TASK OBJECTIVE
Except for the pictures, write out all the records that follow exactly.

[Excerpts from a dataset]
■ ■ ■ ■ ■

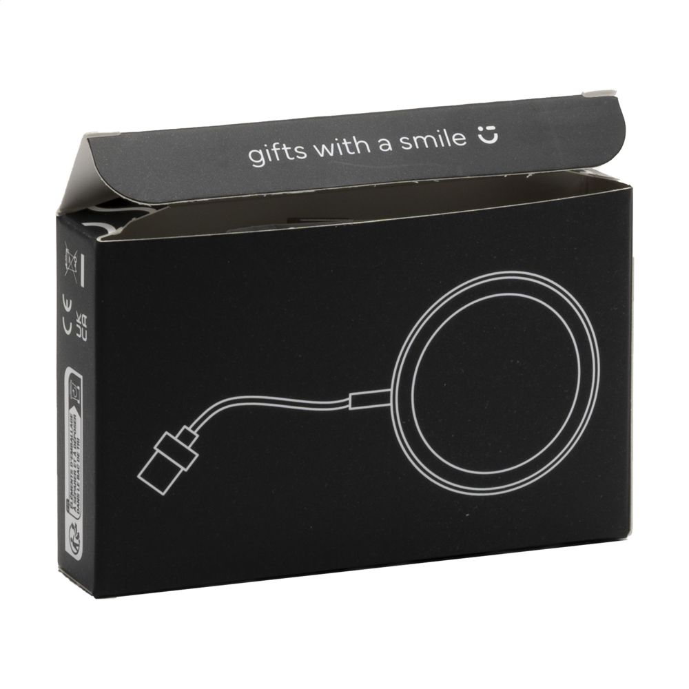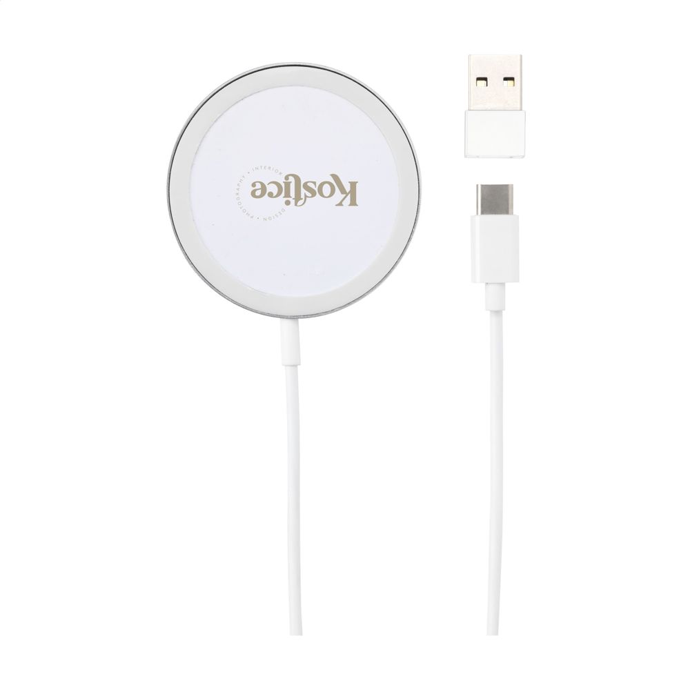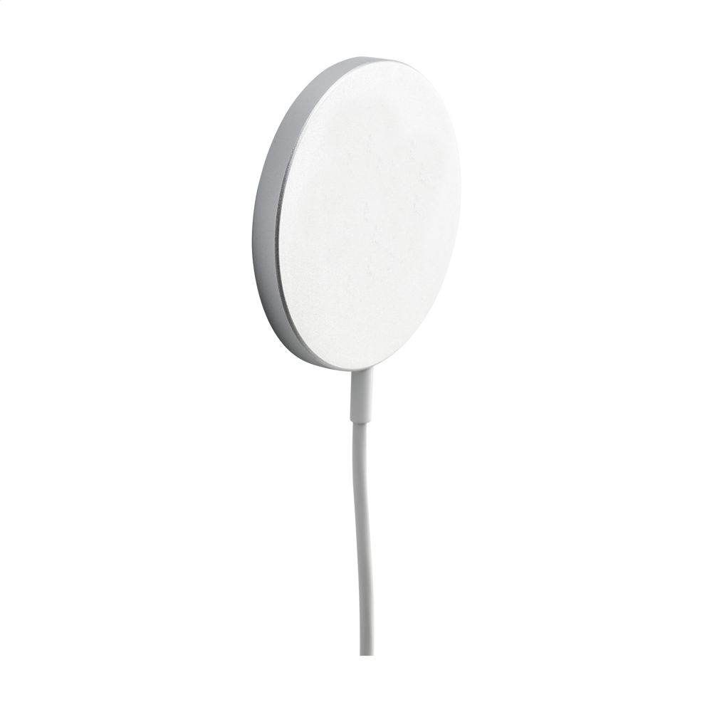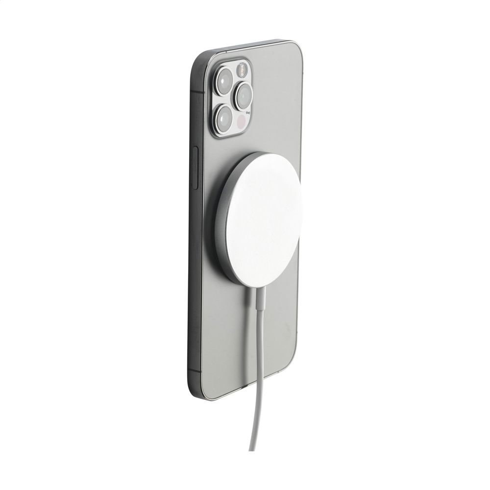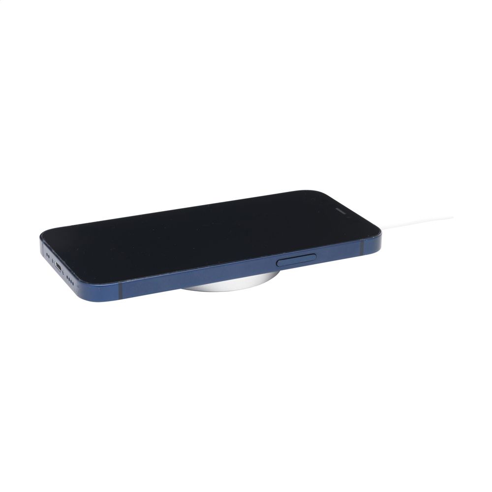 Magnetische 10W oplader met behuizing gemaakt van gerecycled ABS. Laad je smartphone draadloos op met deze oplader. Omdat er een magneet in zit, blijft je telefoon ermee verbonden, zelfs als je de telefoon gebruikt. Ideaal wanneer je jouw mobiele apparaat wilt opladen, maar ook wilt bellen of een video wilt bekijken. De geïntegreerde magneten (11 stuks hoge kwaliteit N52H en hittebestendig) in de oplader zijn perfect uitgelijnd en zorgen altijd voor de juiste oplaadpositie op de telefoon. Deze lader komt met een extra magnetische metalen ring om het opladen van niet-magnetische draadloze oplaadbare smartphones te ondersteunen. Compatibel met iPhone 12 en hoger. Output: DC 9V/1.1A (15W) voor snelladen. Inclusief oplaadkabel USB-C naar USB-C en gebruiksaanwijzing. Het product en de accessoires zijn PVC-vrij. RCS-gecertificeerd. Totaal gerecycled materiaal: 30%. Per stuk in kraft doos.
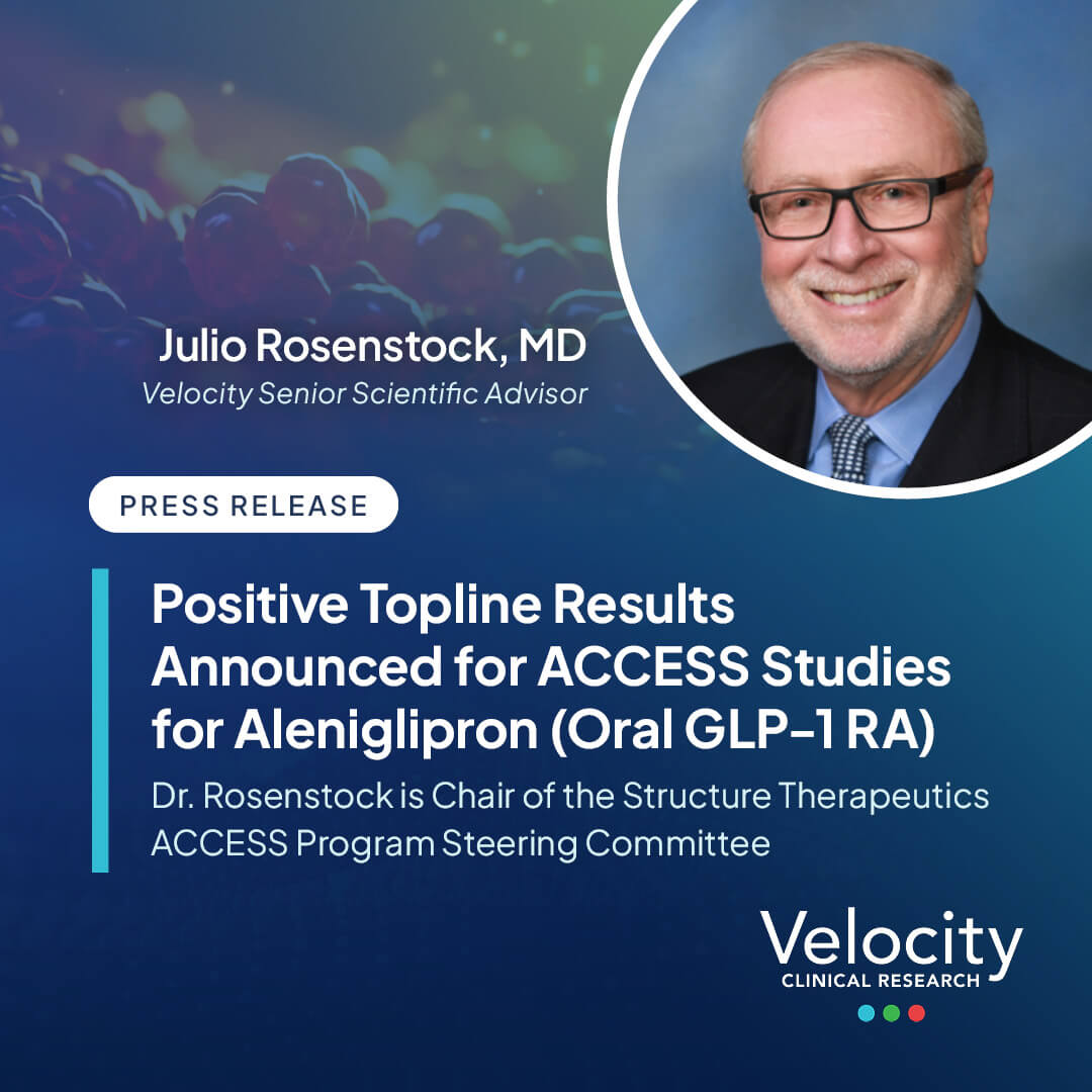 Julio Rosenstock, MD, Chair of the ACCESS program Steering Committee and Senior Scientific Advisor at Velocity, is quoted in the press release: “The weight-lowering data from these ACCESS studies, without any evidence of a plateau by Week 36, are very encouraging — particularly weight loss of up to 15.3% in ACCESS II that hopefully will be confirmed in larger, longer-term studies… As once-daily oral, non-peptide, small molecule GLP-1 RAs such as aleniglipron become available, they have the potential to transform obesity treatment and broaden access, which could have a profound impact on patients globally.”
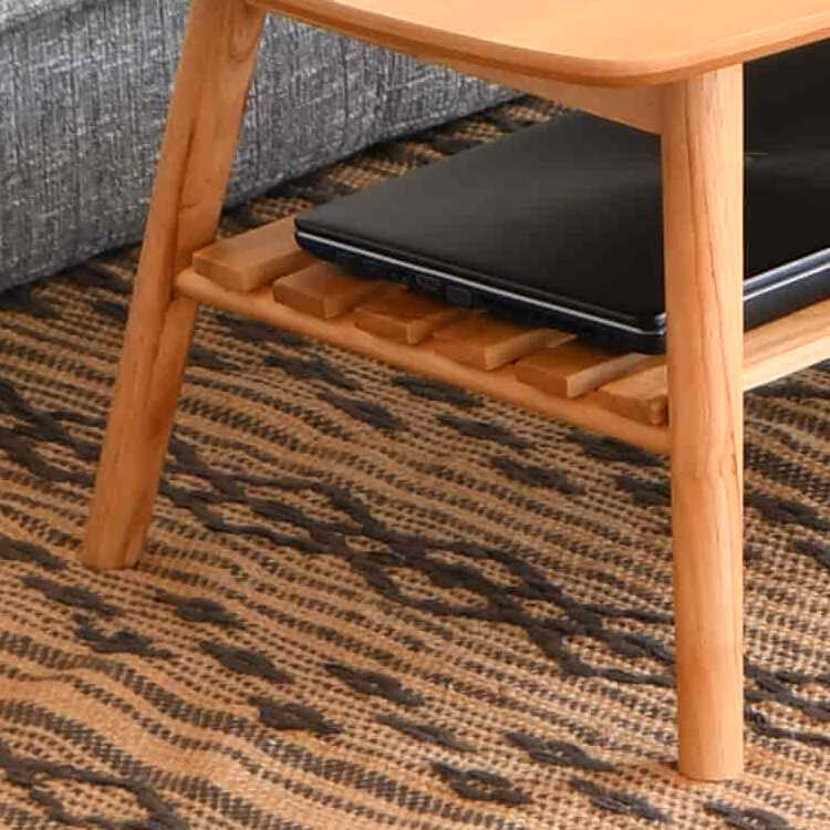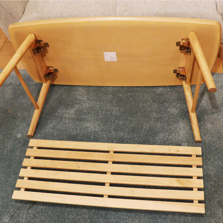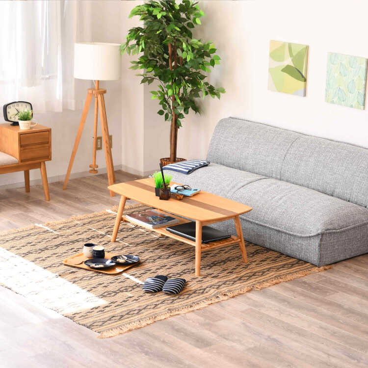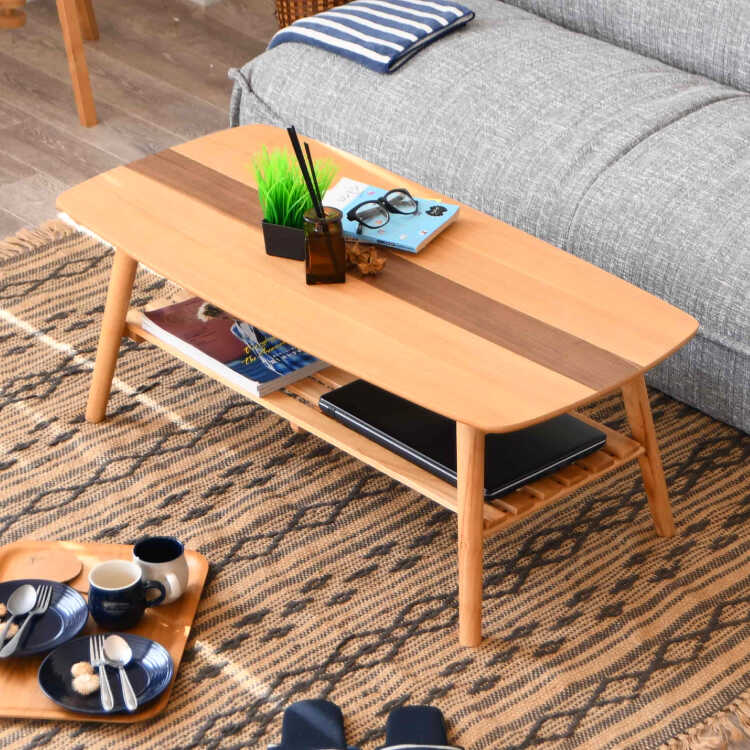 幅105cm・センターラインがお洒落な折りたたみ&棚付きセンターテーブル(天然木オーク製・ナチュラル色)
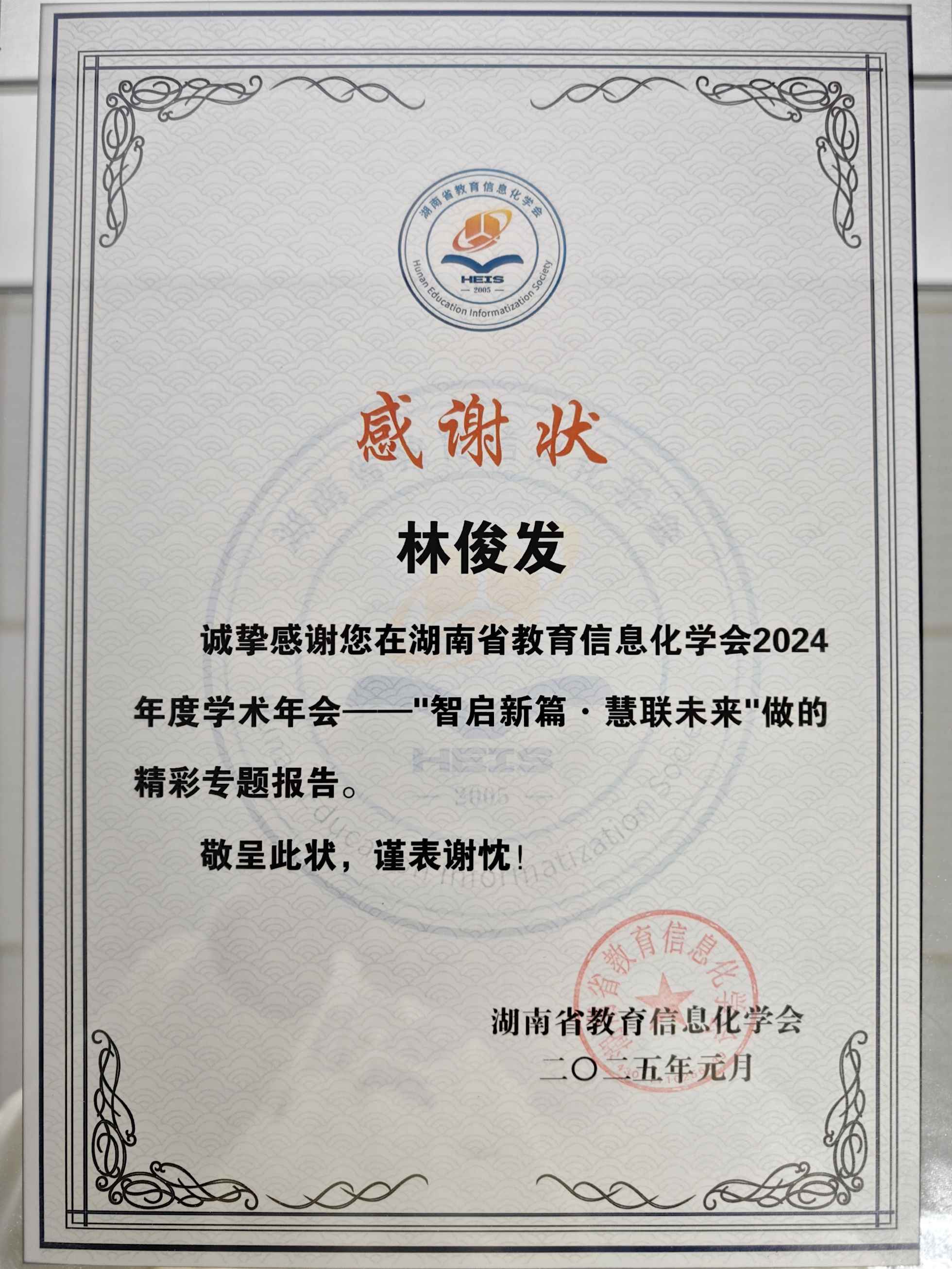 湖(hú)南(nán)省教育信息化(huà)學會(huì)感謝(x← iè)狀
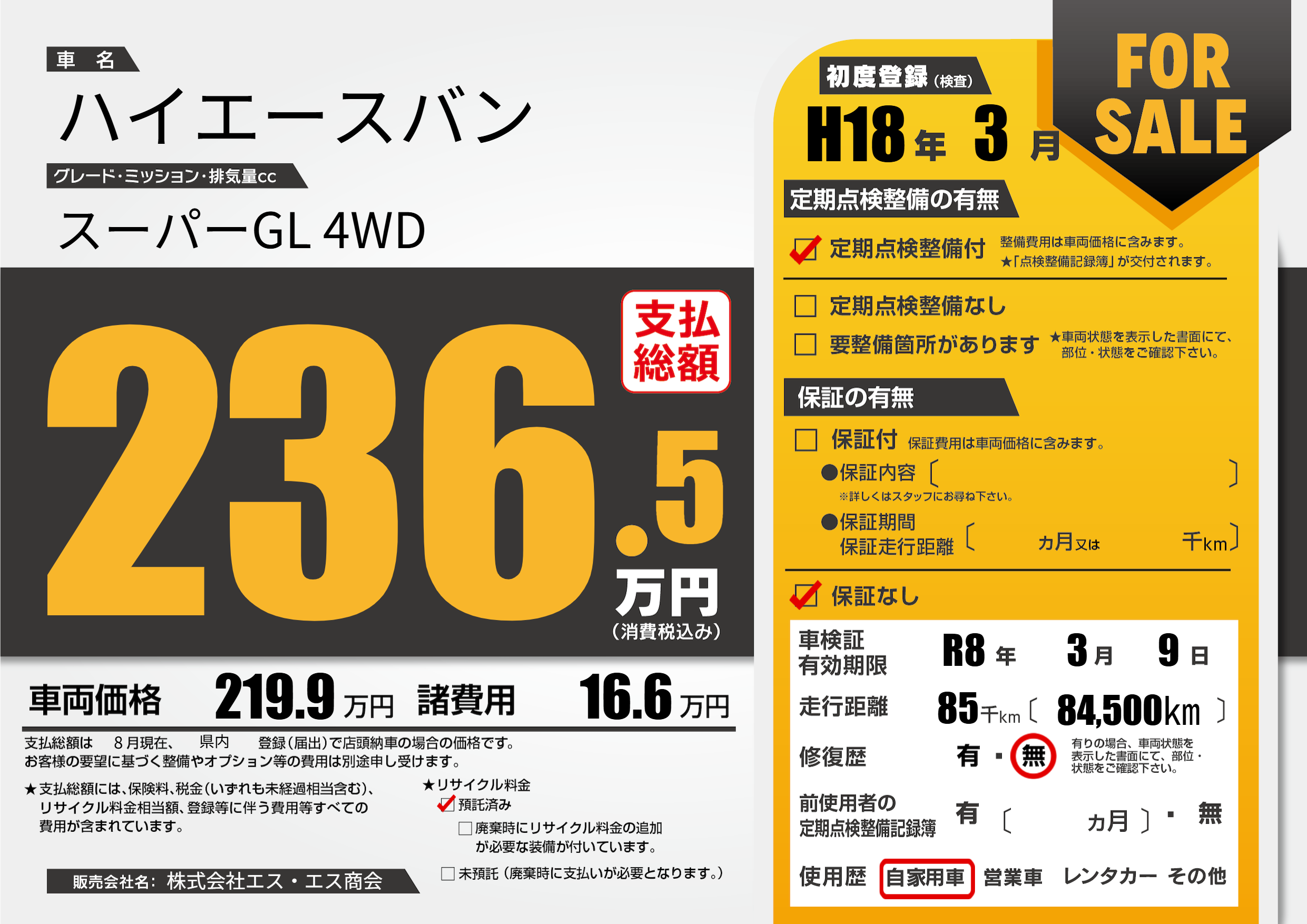 | 走行キロ | 8.5万km | 初年度登録 | H18年3月 |
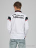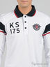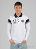 Трикотажный лонгслив из приятного на ощупь материала. Отложной воротник. На полочке планка-застежка на пуговицах. Длинные рукава, декорированные темно-синими вставками. На полочке и спине вышивка и нашивка.
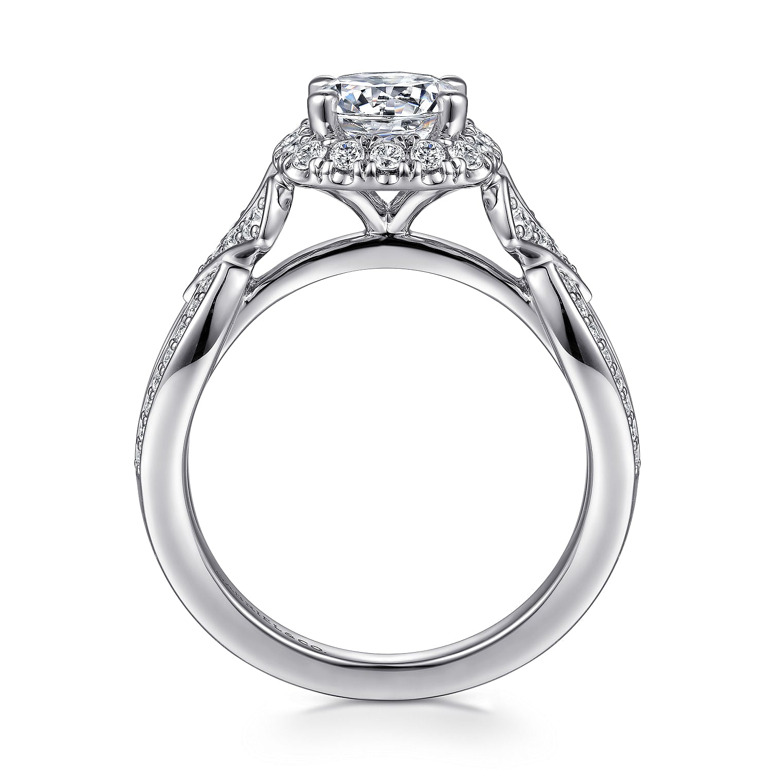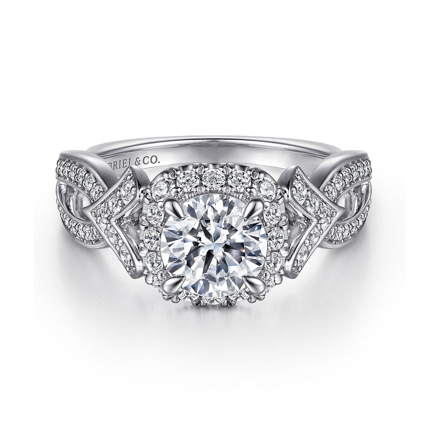 A captivating cushion cut halo crowns this Art Deco inspired engagement ring fashioned in 14K white gold. The classic cathedral design arches up toward your 1ct round center stone. Diamond detailing and sparkling chevrons on each shoulder of the split shank bring this setting to 0.47cts of diamonds.

■ ■ ■ ■ ■

ANSWER TO THE EXERCISE
 Magnetische 10W oplader met behuizing gemaakt van gerecycled ABS. Laad je smartphone draadloos op met deze oplader. Omdat er een magneet in zit, blijft je telefoon ermee verbonden, zelfs als je de telefoon gebruikt. Ideaal wanneer je jouw mobiele apparaat wilt opladen, maar ook wilt bellen of een video wilt bekijken. De geïntegreerde magneten (11 stuks hoge kwaliteit N52H en hittebestendig) in de oplader zijn perfect uitgelijnd en zorgen altijd voor de juiste oplaadpositie op de telefoon. Deze lader komt met een extra magnetische metalen ring om het opladen van niet-magnetische draadloze oplaadbare smartphones te ondersteunen. Compatibel met iPhone 12 en hoger. Output: DC 9V/1.1A (15W) voor snelladen. Inclusief oplaadkabel USB-C naar USB-C en gebruiksaanwijzing. Het product en de accessoires zijn PVC-vrij. RCS-gecertificeerd. Totaal gerecycled materiaal: 30%. Per stuk in kraft doos.
 Julio Rosenstock, MD, Chair of the ACCESS program Steering Committee and Senior Scientific Advisor at Velocity, is quoted in the press release: “The weight-lowering data from these ACCESS studies, without any evidence of a plateau by Week 36, are very encouraging — particularly weight loss of up to 15.3% in ACCESS II that hopefully will be confirmed in larger, longer-term studies… As once-daily oral, non-peptide, small molecule GLP-1 RAs such as aleniglipron become available, they have the potential to transform obesity treatment and broaden access, which could have a profound impact on patients globally.”
 幅105cm・センターラインがお洒落な折りたたみ&棚付きセンターテーブル(天然木オーク製・ナチュラル色)
 湖(hú)南(nán)省教育信息化(huà)學會(huì)感謝(x← iè)狀
 | 走行キロ | 8.5万km | 初年度登録 | H18年3月 |
 Трикотажный лонгслив из приятного на ощупь материала. Отложной воротник. На полочке планка-застежка на пуговицах. Длинные рукава, декорированные темно-синими вставками. На полочке и спине вышивка и нашивка.
 A captivating cushion cut halo crowns this Art Deco inspired engagement ring fashioned in 14K white gold. The classic cathedral design arches up toward your 1ct round center stone. Diamond detailing and sparkling chevrons on each shoulder of the split shank bring this setting to 0.47cts of diamonds.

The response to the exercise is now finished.